### Work order
Lower down are entries containing pictures. Copy exactly, without those pictures, the lines from the line with "- 24p Tests: Micro" through the line with "将剁好的肉糜装碗,再加适量的".

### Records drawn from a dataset
----------
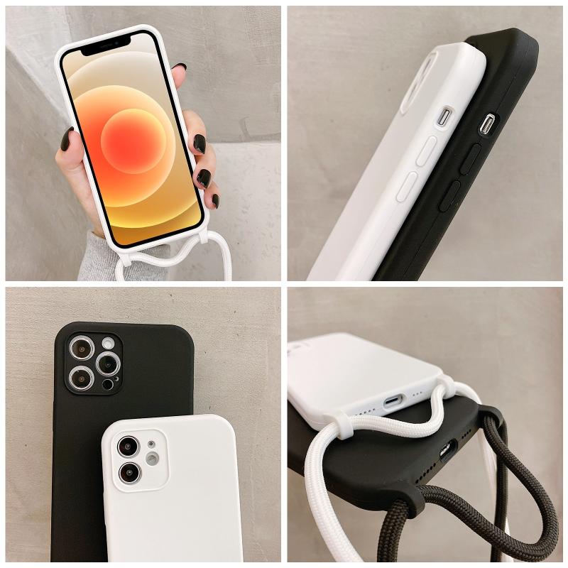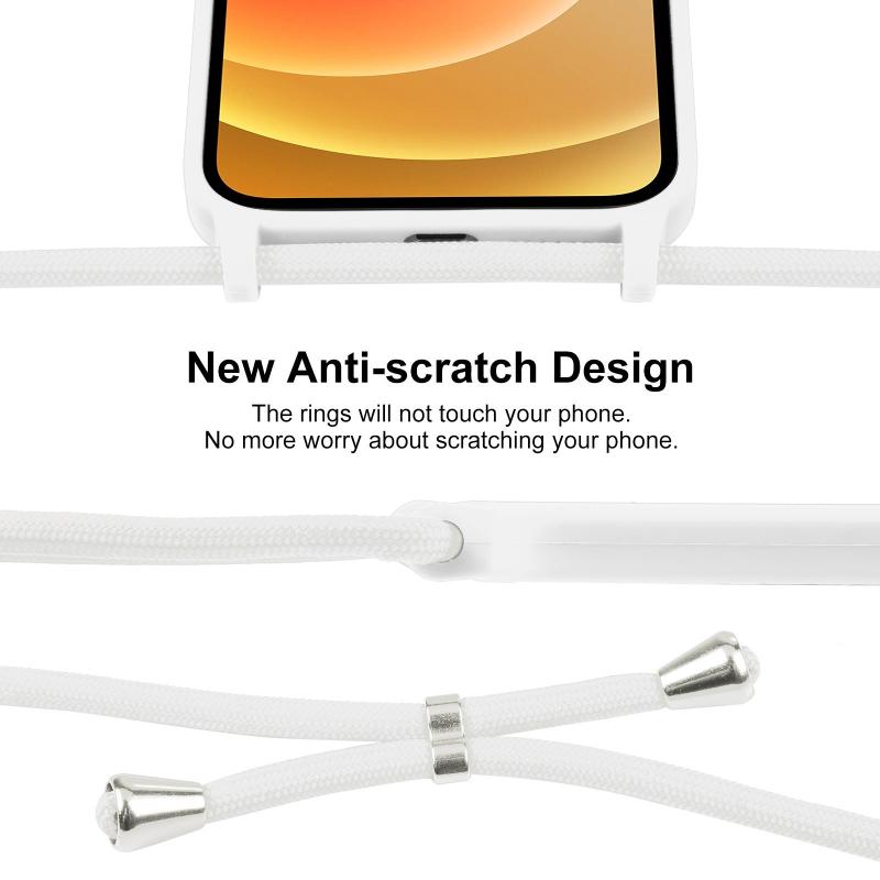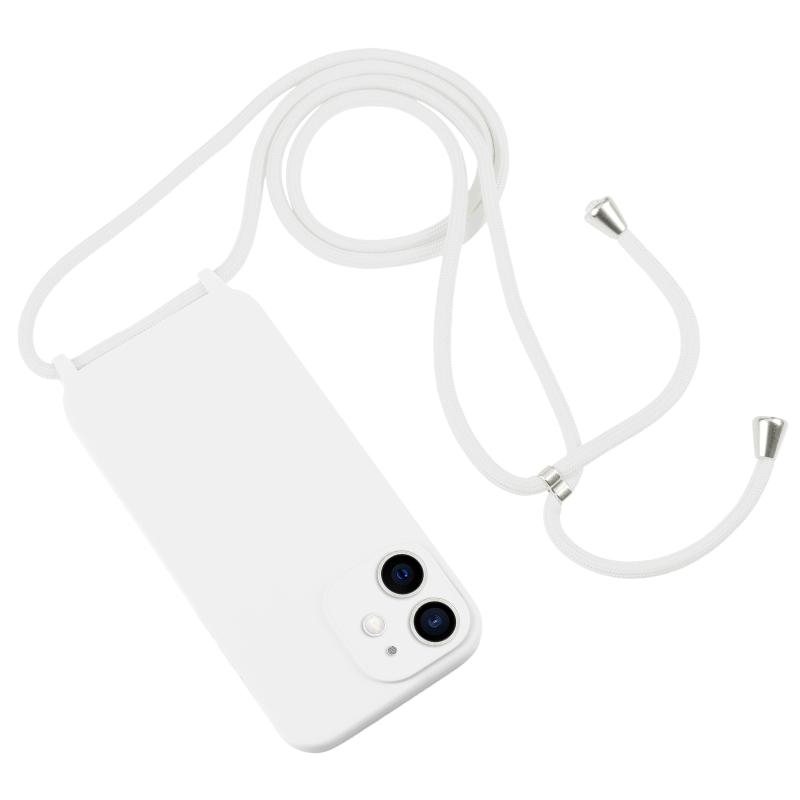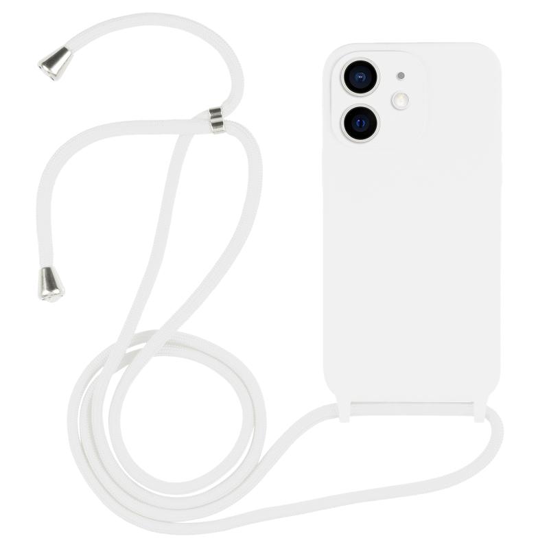 For iPhone 12 Crossbody Lanyard Liquid Silicone Case(White)
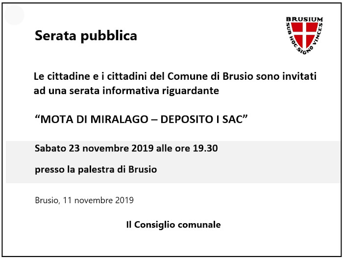Alle 19.30, presso la palestra di Brusio, la serata pubblica ”Mota di Miralago e deposito I Sac”.
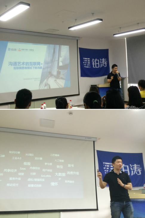 参观完办公室后,营销运营研发中心高级总监Jason在八楼会议室和同学们进行了一场关于互联网思维模式下的沟通的探讨。这次探讨分为三个部分:认识当前互联网思维下的产业现状和发展趋势、互联网公司的沟通方式和互联网沟通实战案例分析。Jason向同学们提出了“+互联网”的概念,即通过互联网改善产业结构。特别是在第二部分中,Jason从企业的扁平化组织架构、提升沟通技巧和无授权领导力三方面向同学们讲解互联网公司的沟通方式,用腾讯和小米的案例形象展现了扁平化组织结构,对沟通技巧提出三大原则和七个突破口并一一讲解。Jason用他的耐心和细心给同学们上了一节生动的沟通课,使同学们受益良多。最后,Jason用铂涛互联网员工奖励实战案例对沟通方式选择的重要性进行分析。
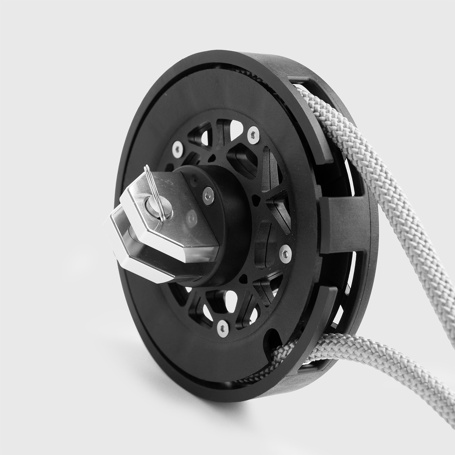 S-GRIPP es la ranura en forma de S en el cuerpo del enrollador que fija el cabo empalmado mecánicamente, sin nudos. Evita el deslizamiento y garantiza un enrollado suave y sin interrupciones.
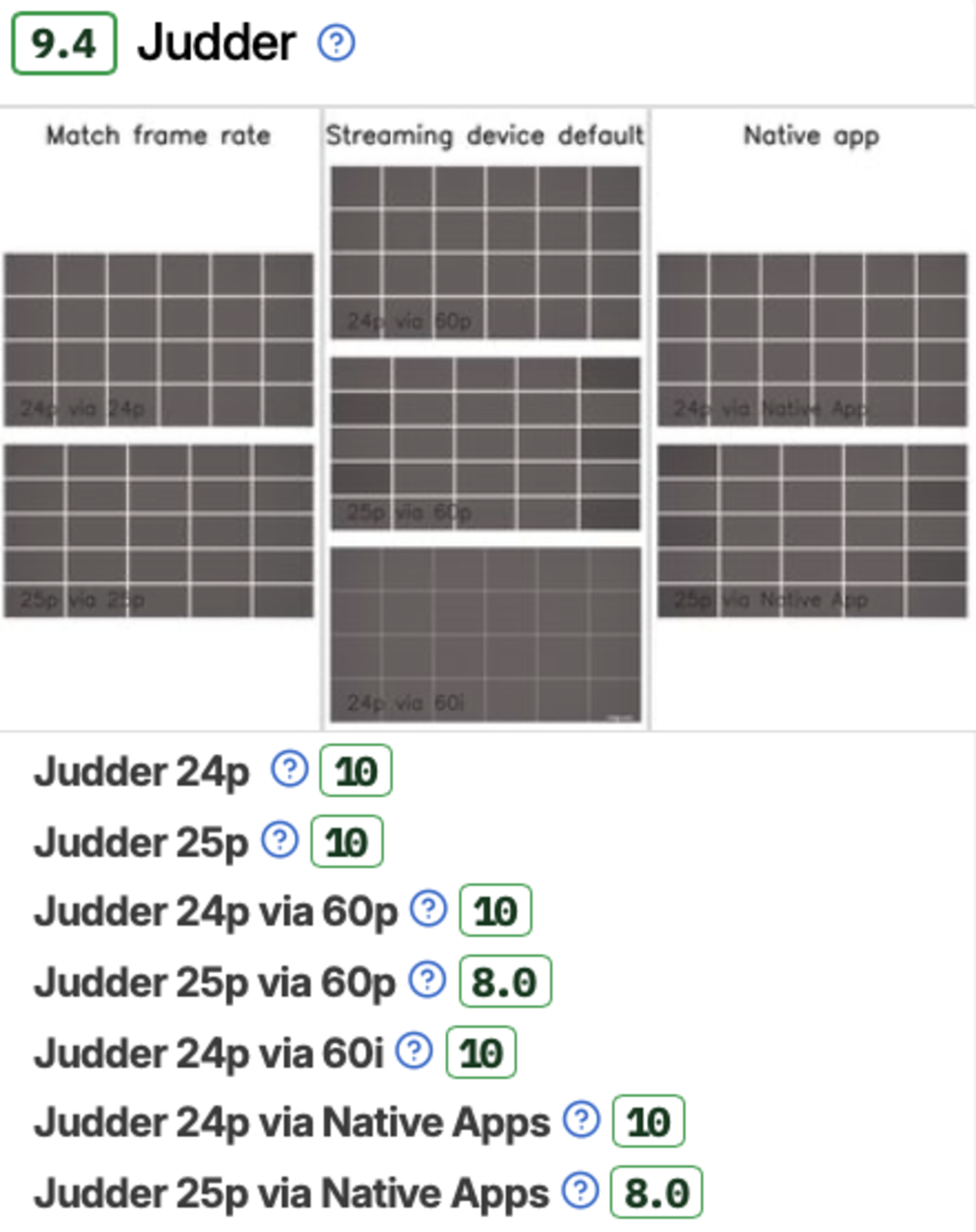 - 24p Tests: Micro Judder-Free 24p, Micro Judder-Free 24p via 60p, Micro Judder-Free 24p via Native Apps.
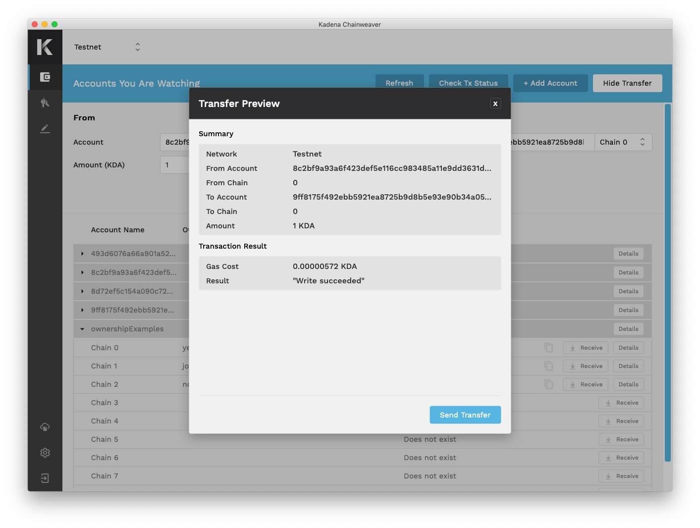 Since the Kadena public blockchain network braids multiple chains together, you can transfer KDA within a single chain or across two different chains.
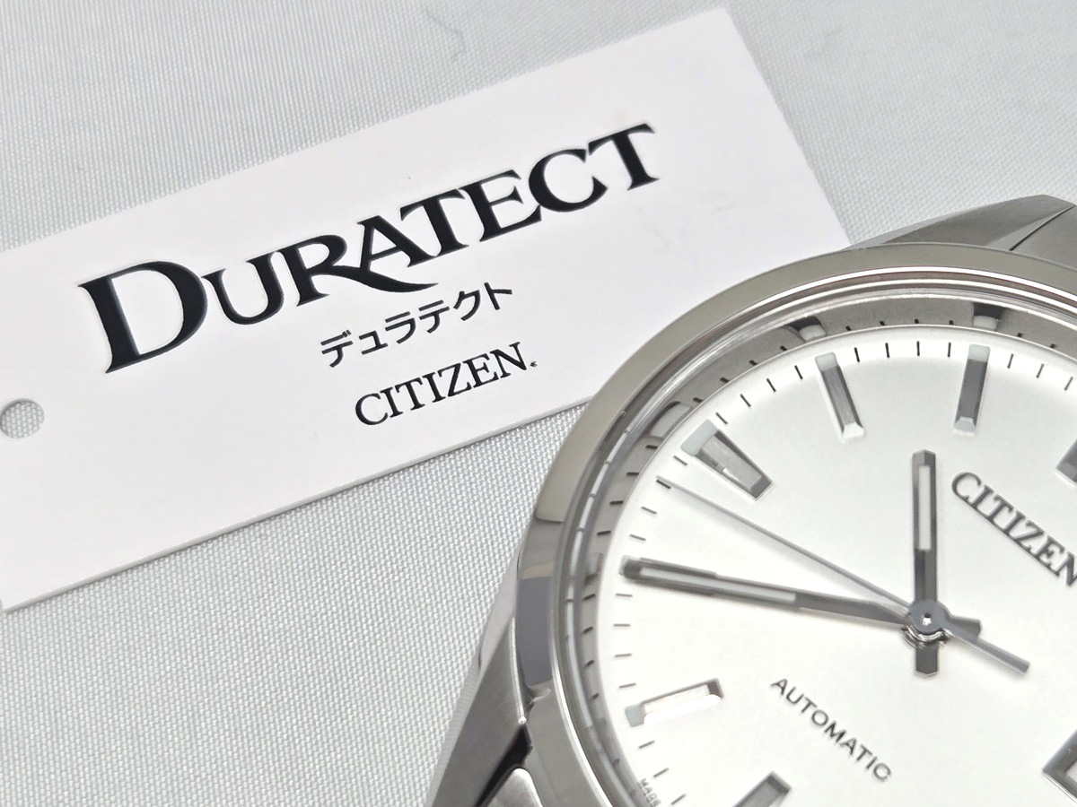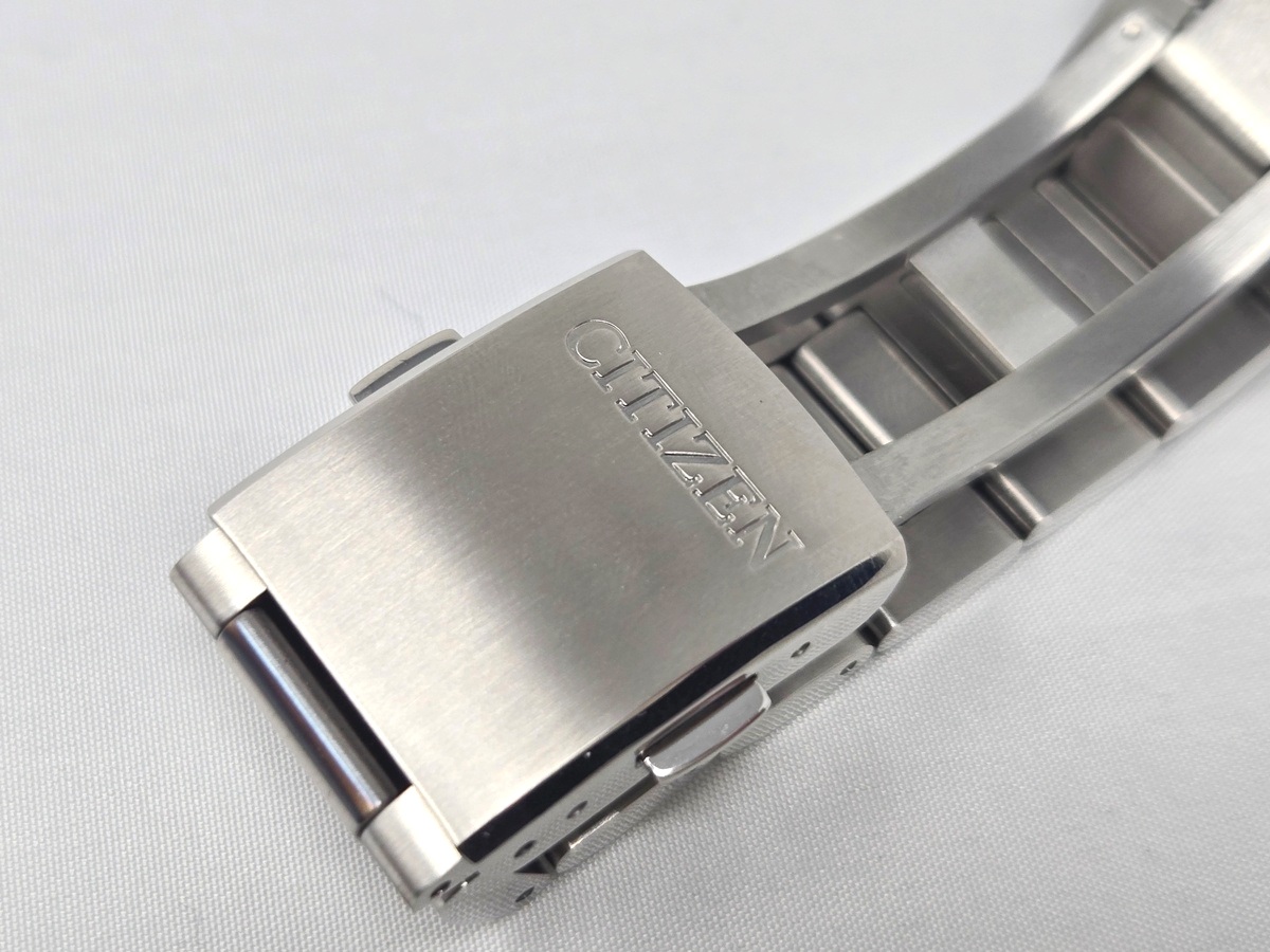 素材はステンレスで、シチズンお得意のデュラテクト(防傷コーティング)も施されているらしい。見た目や触り心地では良く分からん。
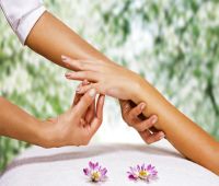 Гидротерапия. Руки погружают в ванночку с тёплой водой, состав которой
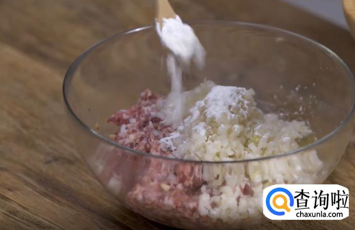 将剁好的肉糜装碗,再加适量的盐、白胡椒粉和生抽,一起搅拌均匀,然后腌制20分钟入味。
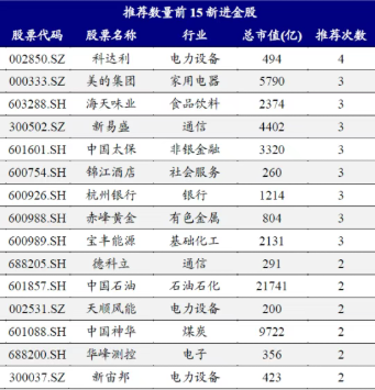 而在4月新进金股(相对2026年3月新进金股名单)中,科达利(002850)被推荐次数最多,合计被推荐了4次。
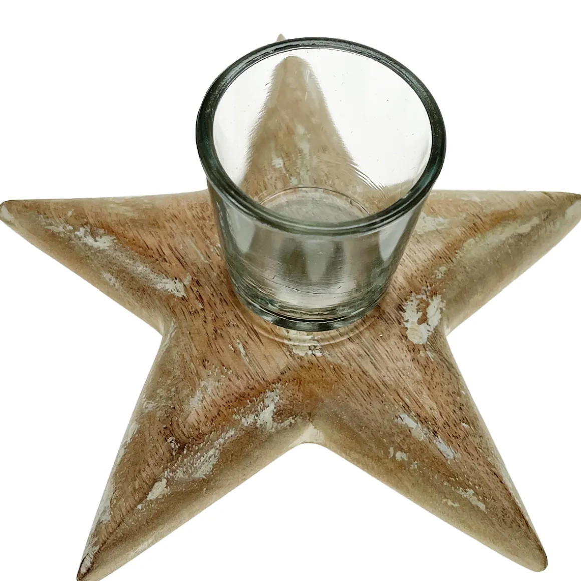 Produktinformationen „Teelichthalter Stern used look natur/weiß 18cm“
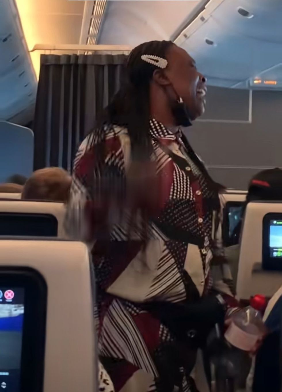 This woman was singing and standing in the aisle during the Heathrow to Jamaica flight
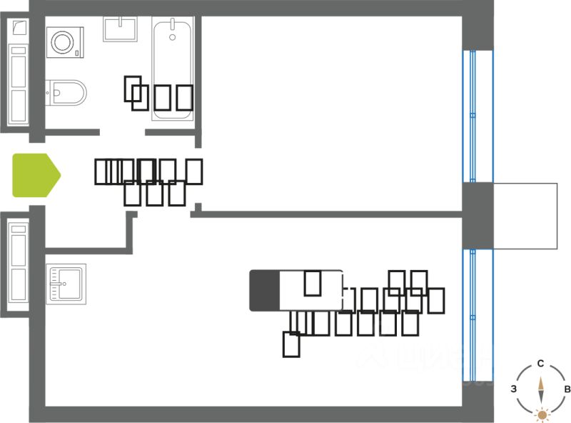 Продаётся 1-комнатная квартира в строящемся доме (Секция Нова), срок сдачи: II-кв. 2028, общей площадью 39.3 кв.м., на 25 этаже.
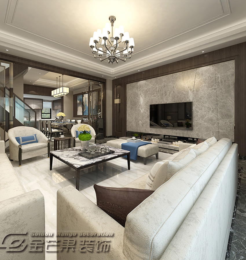 大量的大理石裝飾無疑給整體的品質(zhì)帶來很大的提升,實木包裹的電視背景墻,顯得內(nèi)斂奢華。一抹淺藍(lán)色,清新淡雅,在吊燈上選擇上更顯氣質(zhì),軟裝的優(yōu)雅、貴氣一一顯現(xiàn)。
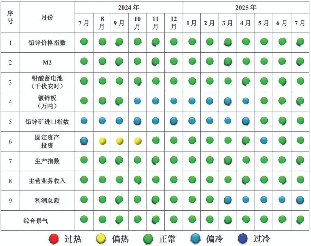 4. 综合景气指数反映当前铅锌产行发展景气程度。景气灯号图把铅锌产业经济运行状态分为5个级别,“红灯”表示经济过热,“黄灯”表示经济偏热,“绿灯”表示经济运行正常,“浅蓝灯”表示经济偏冷,“蓝灯”表示经济过冷。对单项指标灯号赋予不同的权重,将其汇总而成的综合景气指数也同样由5个灯区显示。
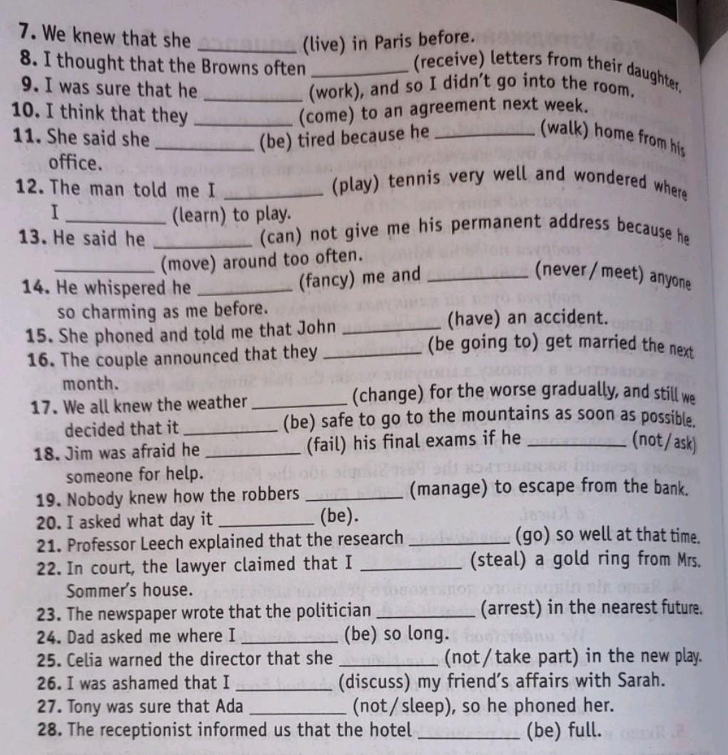 7. We knew that she 8. I thought that the Browns often 9. I was sure that he 10. I think that they 11. She said she office. 12. The man told me I I 13. He said he (learn) to play. (live) in Paris before. .(work), and so I didn't go into the room. (come) to an agreement next week. (walk) home from his (be) tired because he (play) tennis very well and wondered where .(can) not give me his permanent address because he (move) around too often. 14. He whispered he so charming as me before. 15. She phoned and told me that John 16. The couple announced that they month. 17. We all knew the weather decided that it 18. Jim was afraid he someone for help. 19. Nobody knew how the robbers 20. I asked what day it .(receive) letters from their daughter, (fancy) me and (change) for the worse gradually, and still we (be) safe to go to the mountains as soon as possible. (fail) his final exams if he .(not/ask) (manage) to escape from the bank. (be). 21. Professor Leech explained that the research 22. In court, the lawyer claimed that I Sommer's house. (never/meet) anyone (have) an accident. UNDIR .(be going to) get married the next 23. The newspaper wrote that the politician 24. Dad asked me where I 25. Celia warned the director that she 26. I was ashamed that I 0101 (arrest) in the nearest future. shu (not/take part) in the new play. (discuss) my friend's affairs with Sarah. (not/sleep), so he phoned her. (be) full. .(be) so long. (go) so well at that time. (steal) a gold ring from Mrs. 27. Tony was sure that Ada 28. The receptionist informed us that the hotel.
----------
### Solution for this problem
 - 24p Tests: Micro Judder-Free 24p, Micro Judder-Free 24p via 60p, Micro Judder-Free 24p via Native Apps.
 Since the Kadena public blockchain network braids multiple chains together, you can transfer KDA within a single chain or across two different chains.
 素材はステンレスで、シチズンお得意のデュラテクト(防傷コーティング)も施されているらしい。見た目や触り心地では良く分からん。
 Гидротерапия. Руки погружают в ванночку с тёплой водой, состав которой
 将剁好的肉糜装碗,再加适量的盐、白胡椒粉和生抽,一起搅拌均匀,然后腌制20分钟入味。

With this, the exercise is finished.